Dear Miss U --
Like Ozzie and Dexter, my first thought is that reading is never a waste of time. And like Dexter, during this year of deep depression, I've been cognitively disorganized and can't focus to read very much. I miss it.
The list of other time-wasters left out two that can lead to profound trouble in people's lives -- shopping and, because I see it all around me here in the casinos -- gambling. I went to a casino outside Miami once and boy, are those electronic "slot machines" dumb. You put a buck in the machine, touch three boxes on the screen, and pouf, your buck is gone. I figured I could throw it out the car window and take more joy in the idea that someone who needs it might find it and brighten their days.
I also agree that taking care of your family is PLENTY to do. I just a read a post where some other person was beating up on self -- and my current T is pointing out to me all the little things I say to myself, big and small, that put myself down. So I am alert to all the self-critical things we tell ourselves and share on the list.

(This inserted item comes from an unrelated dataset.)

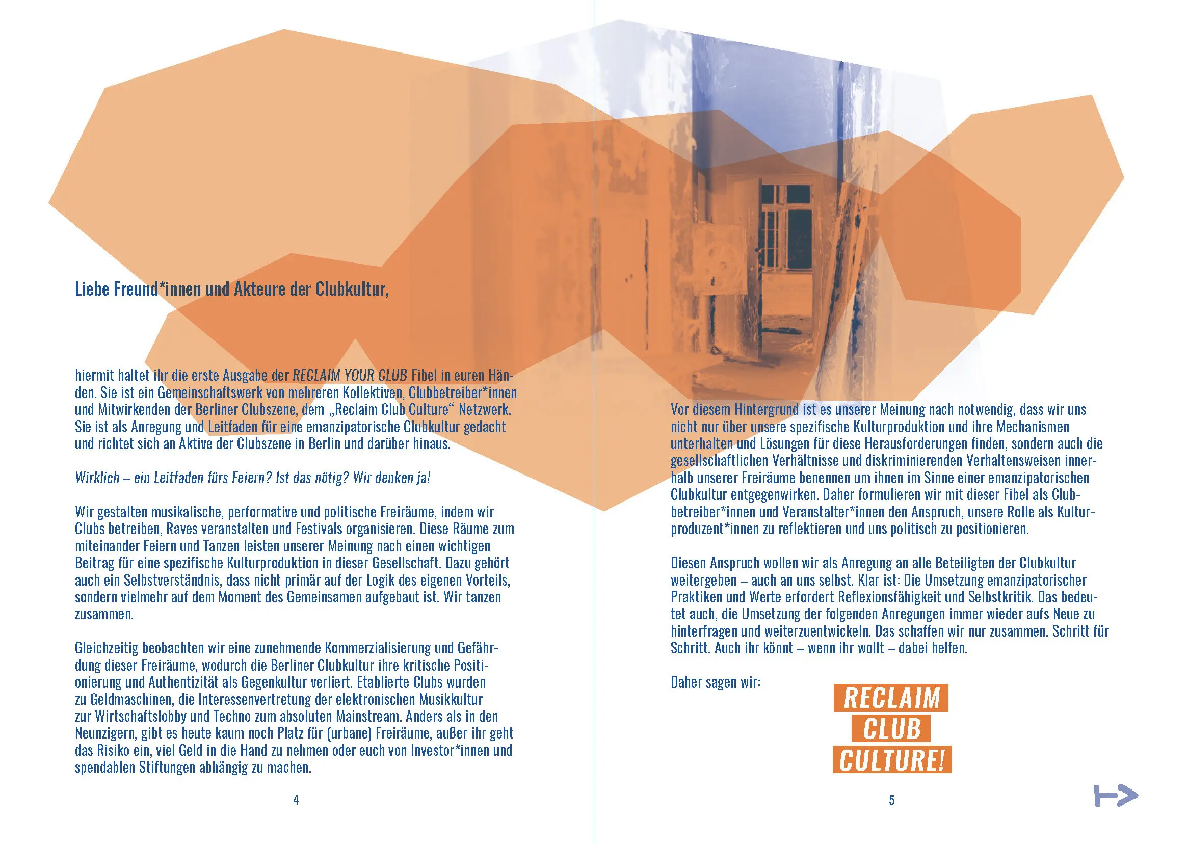 Die RECLAIM YOUR CLUB Fibel ist ein Gemeinschaftswerk von mehreren Kollektiven, Clubbetreiber*innen und Mitwirkenden der Berliner Clubszene, dem „Reclaim Club Culture“ Netzwerk. Sie ist als Anregung und Leitfaden für eine emanzipatorische Clubkultur gedacht und richtet sich an Aktive der Clubszene in Berlin und darüber hinaus.

I think there are writers' groups online. If you love to read, perhaps writing, journaling, recording family history would be appealing? Family history might give motivation to contact family members for bits and pieces of the family history? I find I don't have as much stress being with people if we share something in common (and if I keep the time together manageable -- right now, about an hour or two at most, but in better times, 3 or 4).
When I was descending into the pits of depression, my T urged me to do things to satisfy my "inner child," bec. my whole life had been work, the discipline of exercise without much joy in it, the focus of reading, but very little play for play sake. I started making bookmarks out of construction paper, ribbon, glitter, a set of tiny little acrylic accent paints, holiday greeting cards, and a Hodgepodge type clear-drying glue-finish for a stiff clear coating. It was a great change from the little scraps of paper I use to mark books. I also invented a way of cutting up refrigerator magnets so that they could be glued to a fold-over bookmark and grip the page, instead of falling out. My cousin liked it so much that she brought it to an elementary school class to use as a project.
Well, I guess that shows how "childish" my little project was. But I did like playing with the glitter. Now that I am moving around so much and can't tote glue and ribbon and glitter and scissors etc. with me, nor spread them out someplace to work, I miss it.
Is there some little thing that seems "silly" that you might do. Because I think it is the silliness of some things that finally makes us smile -- and perhaps, one day, even laugh out loud.
And great, because if I lost one -- as I am always doing -- I could always make another. Now that I am moving around so much and have no stable home of my own, I do not have my bookmark making kit.